- **EXERCISE PROMPT**: Begin at the line below that has "Birth Register Shelia" and stop after the line that has "- Կինը, ով չի". Please restate only those lines, word for word.

- **AVAILABLE DATA**:

*** Begin section ***

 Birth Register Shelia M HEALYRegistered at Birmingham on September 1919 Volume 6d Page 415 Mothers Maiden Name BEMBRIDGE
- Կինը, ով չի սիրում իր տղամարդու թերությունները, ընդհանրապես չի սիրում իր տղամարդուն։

*** End section ***
*** Begin section ***

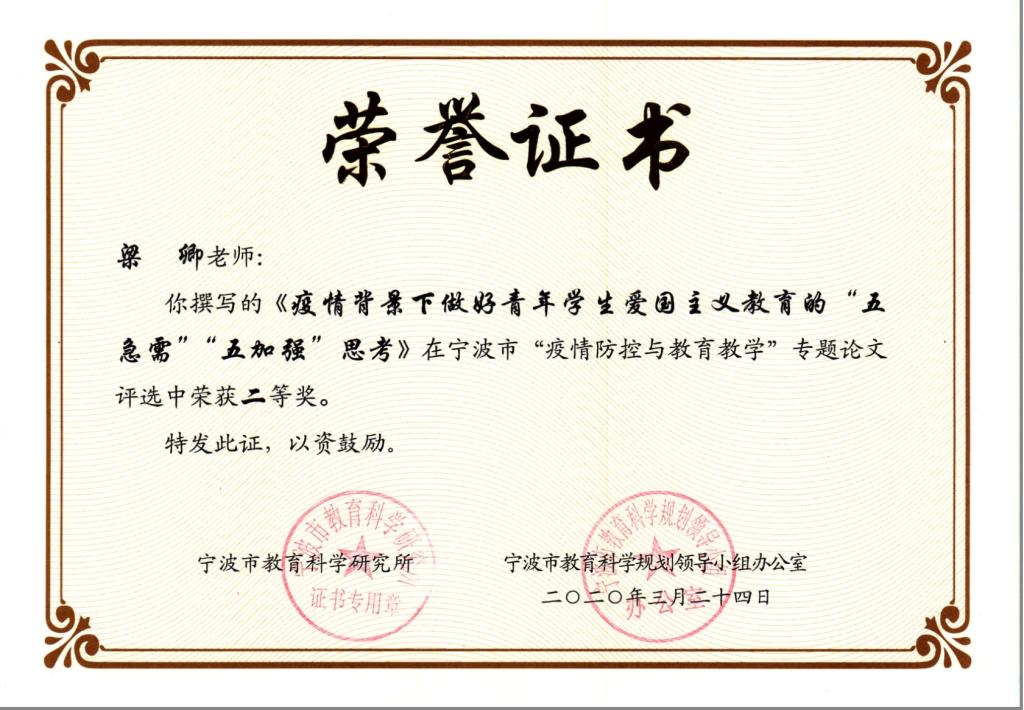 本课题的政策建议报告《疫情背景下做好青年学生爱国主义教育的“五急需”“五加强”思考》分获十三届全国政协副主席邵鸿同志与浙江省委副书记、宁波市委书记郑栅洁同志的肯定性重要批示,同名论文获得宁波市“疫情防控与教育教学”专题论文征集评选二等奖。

*** End section ***
*** Begin section ***

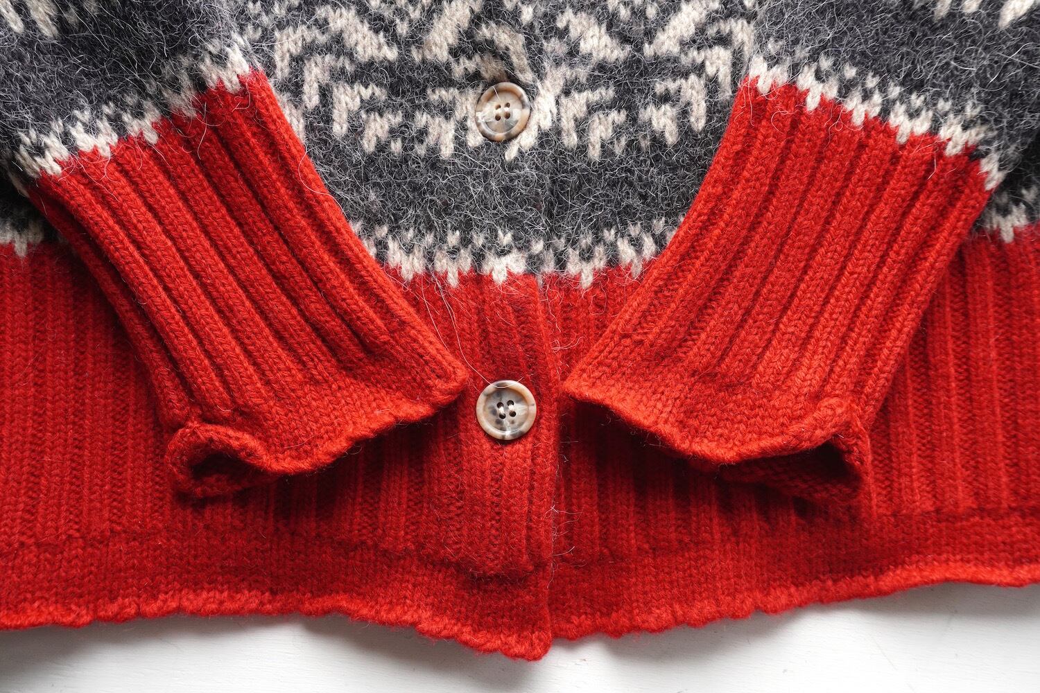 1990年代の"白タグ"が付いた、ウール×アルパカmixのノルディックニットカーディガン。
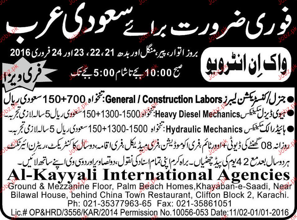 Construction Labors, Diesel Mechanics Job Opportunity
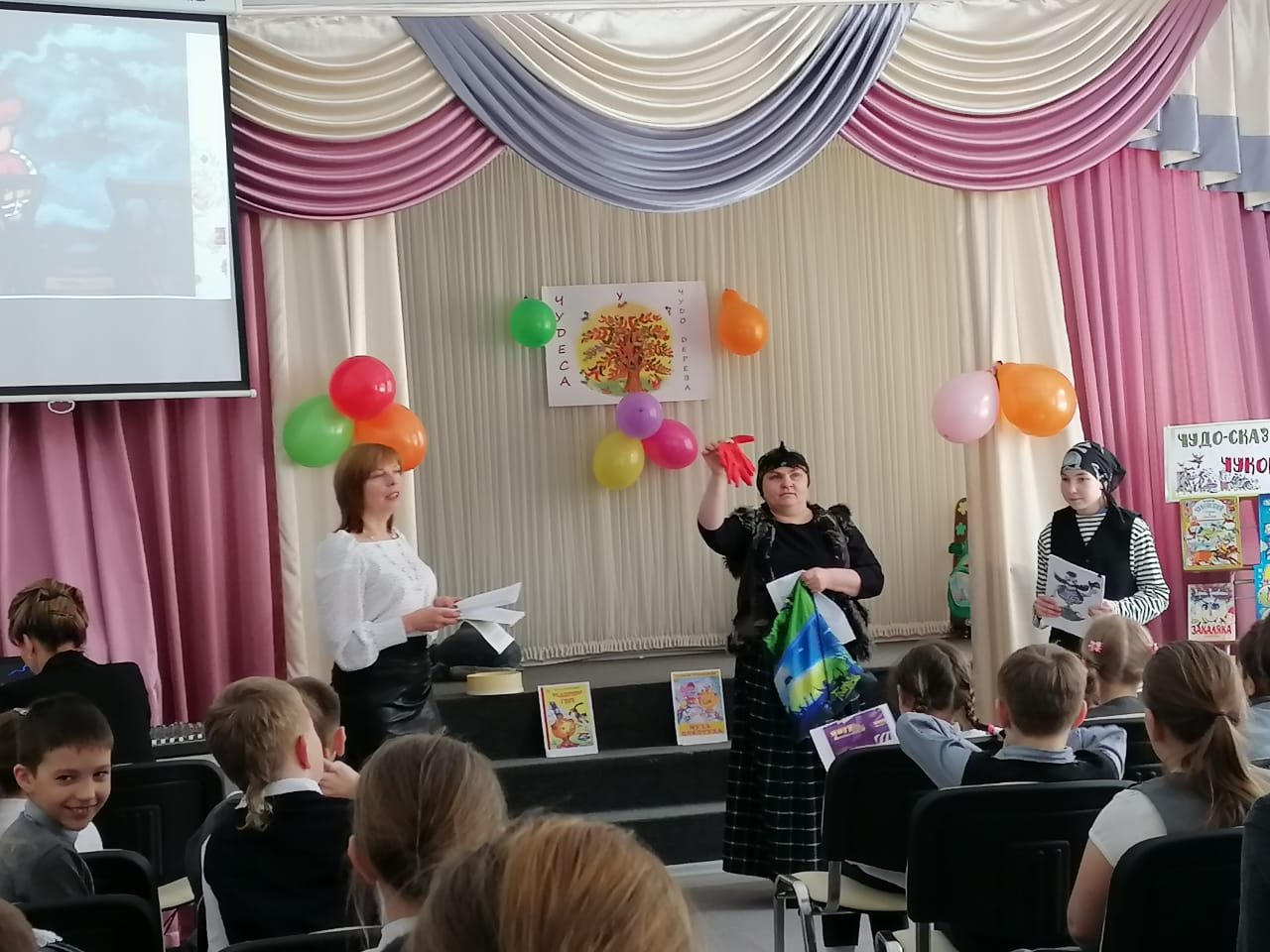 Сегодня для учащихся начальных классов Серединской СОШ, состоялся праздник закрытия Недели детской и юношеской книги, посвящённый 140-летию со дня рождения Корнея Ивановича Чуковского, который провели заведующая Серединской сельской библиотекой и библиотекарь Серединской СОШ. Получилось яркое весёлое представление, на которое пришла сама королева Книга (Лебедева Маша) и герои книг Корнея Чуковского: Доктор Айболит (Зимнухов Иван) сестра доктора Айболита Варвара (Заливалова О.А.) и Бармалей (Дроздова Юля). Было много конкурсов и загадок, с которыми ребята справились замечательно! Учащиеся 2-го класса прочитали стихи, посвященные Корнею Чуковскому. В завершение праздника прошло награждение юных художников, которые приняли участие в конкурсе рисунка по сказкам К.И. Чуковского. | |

*** End section ***

- **ANSWER AREA**:
 Birth Register Shelia M HEALYRegistered at Birmingham on September 1919 Volume 6d Page 415 Mothers Maiden Name BEMBRIDGE
- Կինը, ով չի սիրում իր տղամարդու թերությունները, ընդհանրապես չի սիրում իր տղամարդուն։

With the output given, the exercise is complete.